Framework alexnet resnet18 resnet50 vgg16 mobilenet
pytorch/cuda 15.253 38.745 114.348 169.038 46.110
pytorch/opencl 22.989 50.272 167.050 258.751 82.044
dlprimitives 22.688 49.193 158.789 238.802 82.080
keras/tf2-cuda 29.104 74.215 161.704 158.084 88.851
keras/plaidml 43.004 91.533 - - 45.693

Full Train

Train includes - io to/from device, zero gadients, forward, backward and optimizer update step. Adam used as optimizer.

Framework alexnet resnet18 resnet50 vgg16 mobilenet
pytorch/cuda 107.108 129.456 388.951 N/A 177.434
pytorch/opencl 147.814 213.319 651.216 N/A 382.590
dlprimitives 106.033 198.092 605.541 1107.756 344.599
keras/tf2-cuda 90.005 183.447 501.362 550.063 322.416
keras/plaidml 222.166 507.116 - - 571.438
  • vgg16 batch 16 failed to run to to lack of memory on pytorch.
  • some setups with plaidml not tested due to lack of performance/memory

Looks very nice :slight_smile:

5 Likes

Just a random guy, buy thanks for all the efforts going into implementing an OpenCL backend! I’m definitely going to try it out.

1 Like

This is a valuable project that should be supported by Intel and more Nvidia competitors ASAP!

2 Likes

Agreed :slight_smile:

On more serious note - I’d really love to see some community contribution. I’m very limited in the time.

Many things can be trivially implemented in terms of reduction/pointwise operations and thus not even OpenCL/GPU programming knowledge is required

They both want to create vendor lock in on their gpus.

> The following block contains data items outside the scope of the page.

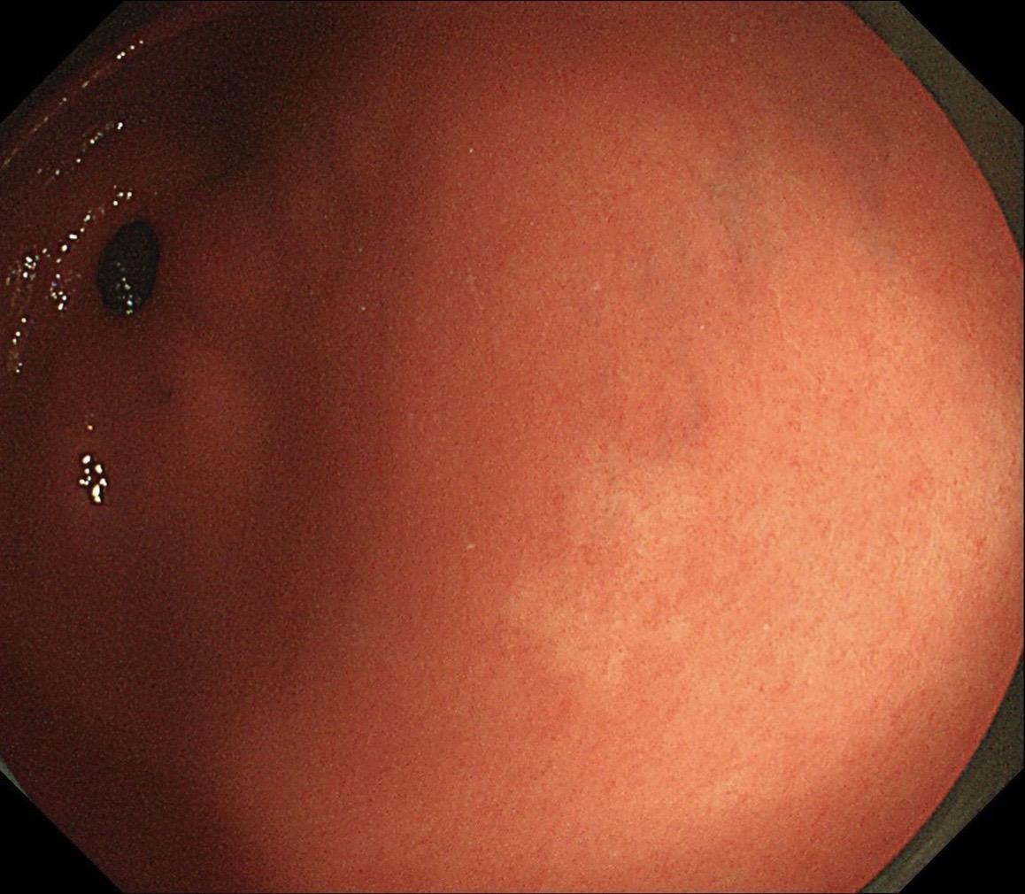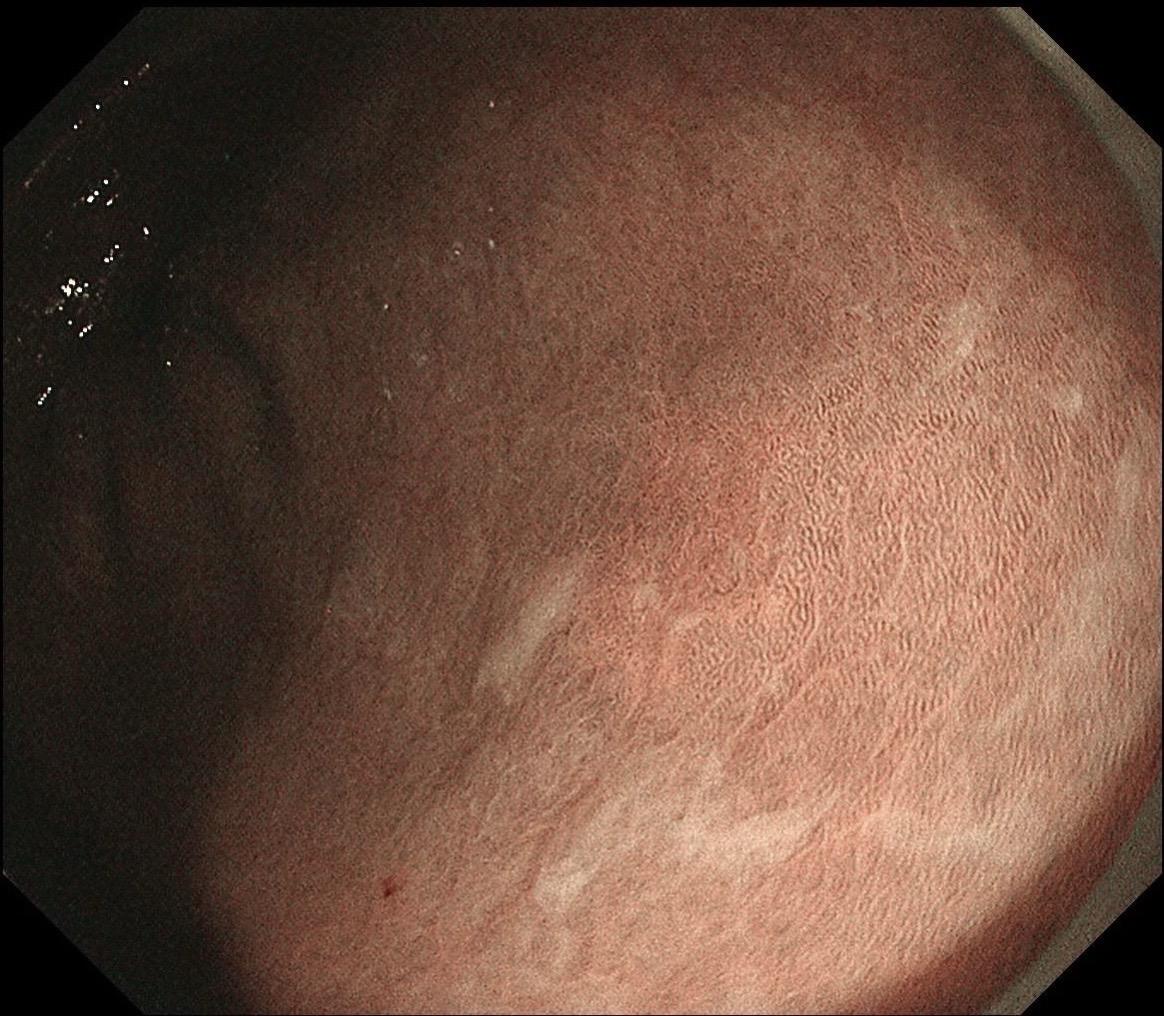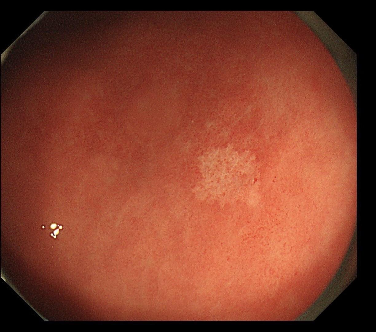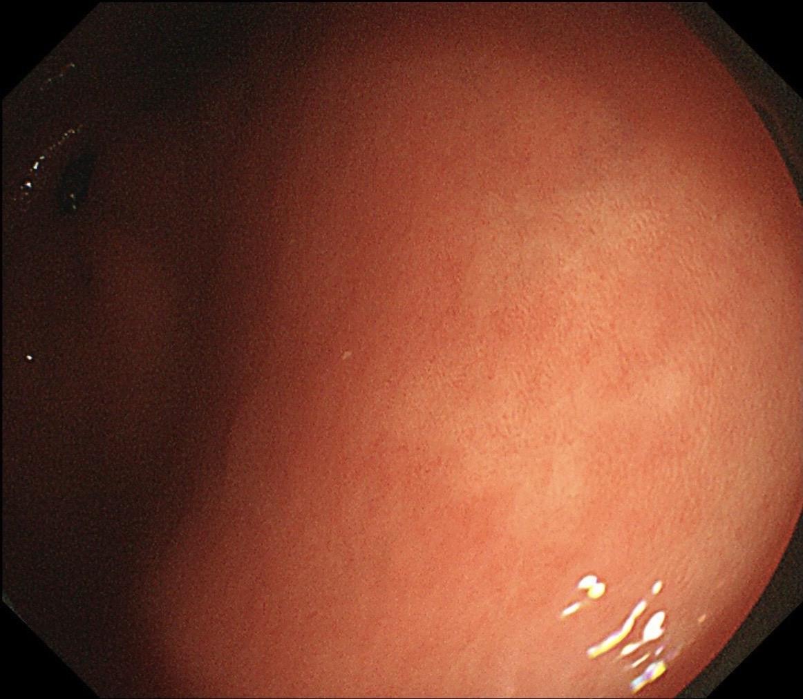 男,40岁,胃双发褪色调病变。慢性胃炎复查,3年前胃镜未见异常,Hp阳...
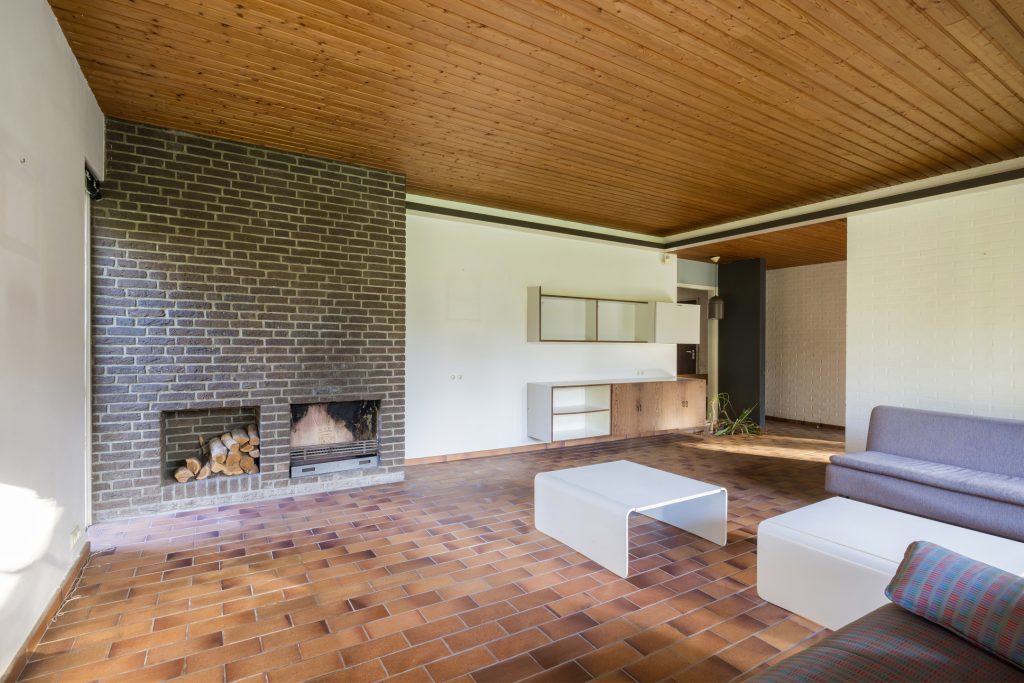 De open haard bevindt in de woonkamer. Vanuit hier heb je toegang tot het overdekte terras en tuin via een royale schuifpui. Het eetgedeelte heeft openslaande deuren naar het terras.
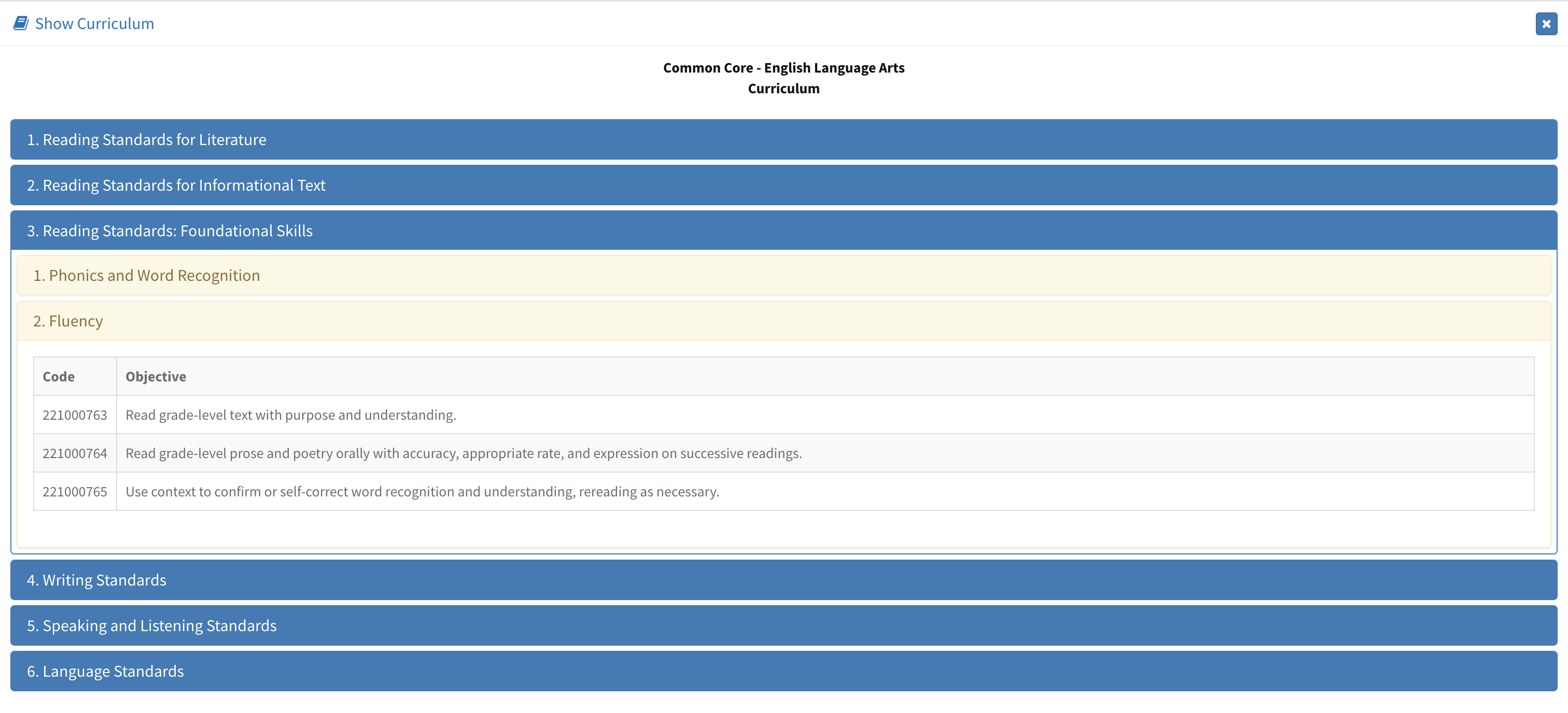 To reach the details of the curriculums, simply click the classes name marked under "Common Core"

Honestly if we can get this working its gona make life much easier on intel hardware. As it stands its a proper nightmare

Would also mean you can build a project that works on all hardwares which is auch a nice solution to the hardware curse

They both want to create vendor lock in on their gpus.

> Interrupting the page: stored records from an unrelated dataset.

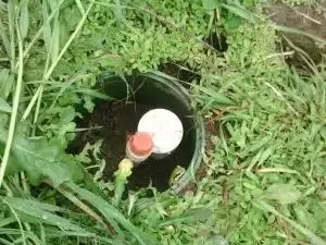Here is a monitoring port on a septic’s pressurized drainfield. Now you can ask, what is it telling me. There are three monitoring ports on this drainfield, and a squirt test must be performed. This is to make sure that the entire drainfield is taking the wastewater equally. If I turn on the pumps and the 3 monitoring ports squirt up water at the same level, then it is working equally. If we were to get one that was squirting 6 inches, and the other two are squirting 5 feet, then there’s a problem.
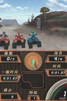简中《山地越野车:极度疯狂(ATV Quad Frenzy)》是由Skyworks Technologies制作Majesco Games发行的一款基于NDS平台的赛车竞速(RAC)游戏。该作是一款非常容易上手的越野车游戏,玩家只需要控制赛车的前进和后退以及方向就可以了。《山地越野车:极度疯狂》在NDS平台上算的上不错的竞速游戏。
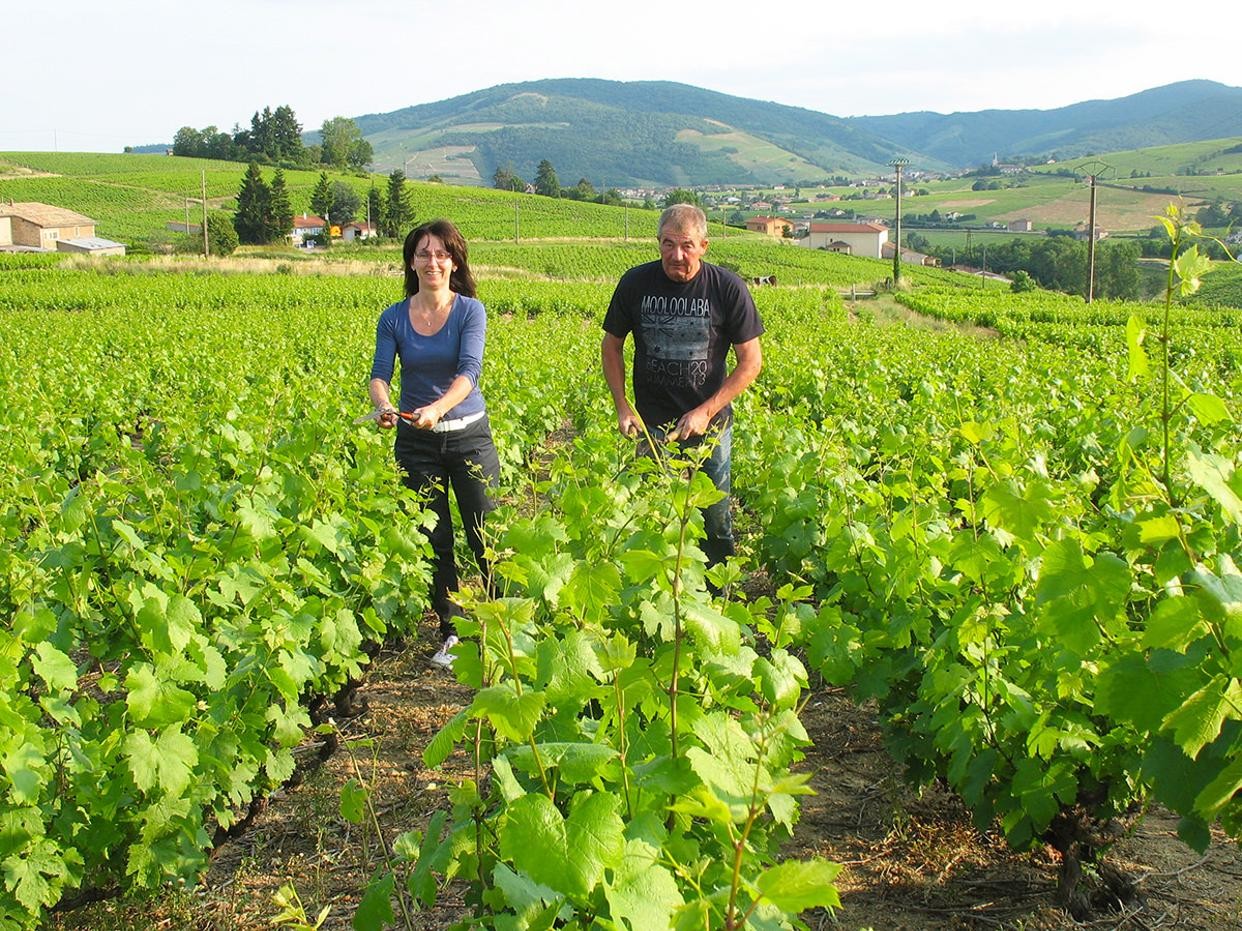蔵元のドメーヌ・ド・ラ・プレーニュはボジョレ地区のレニエ村にあり、ブドウ樹の平均樹齢は40年。収穫は100%手摘み、選果もとても厳しく行っています。
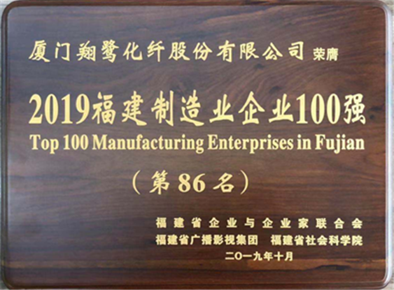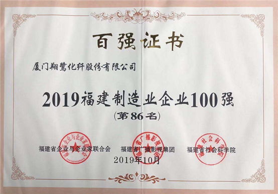 恭賀廈門翔鷺化纖股份有限公司被福建省企業(yè)與企業(yè)家聯(lián)合會、福建省廣播影視集團、福建省社會科學院評為“2019福建制造業(yè)企業(yè)100強”第86名。
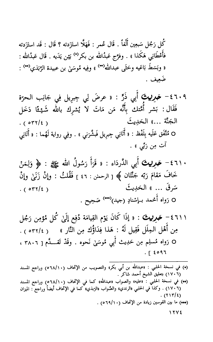 4609 حديث أبي ذر ( عرض لي جبريل في جانب الحرة فقال بشر أمتك بأنه من ما لا يشرك بالله شيئاً دخل الجنة . . . ) الحديث ( 4 / 532 )

Yes and no. I assume both Intel and AMD try to get most valuable solution for minimal money.

AMD went down the road of implementing HIP as Cuda replacement (huge mistake IMHO) but at least they released MIOpen OpenCL version. But unfortunately it isn’t really open-source since some kernels just go in binary formats. Additionally it is limited to Linux/ROCm only.

Intel has they OpenDNN and at some point I wanted to integrate it/use it in my backend but I discovered that my own kernels I have written work actually faster than their own kernels.

Why? Because they decided to optimize their code for Channel last only while PyTorch, ONNX and many other frameworks actually use channel first: Channel First Convolution Performance on OpenCL driver · Issue #1194 · oneapi-src/oneDNN · GitHub

I don’t now how much of it ignorance and how much of it try to do what possible with very limited resources (and yes, neither AMD nor Intel have team/investment even comparable to what nVidia does)

And most of industry around just does not care and lives with what nVidia has to propose because other alternatives are far from competitive.

I hope community can join the effort. Because building it all is really tough. Too many cases, kernels and other things.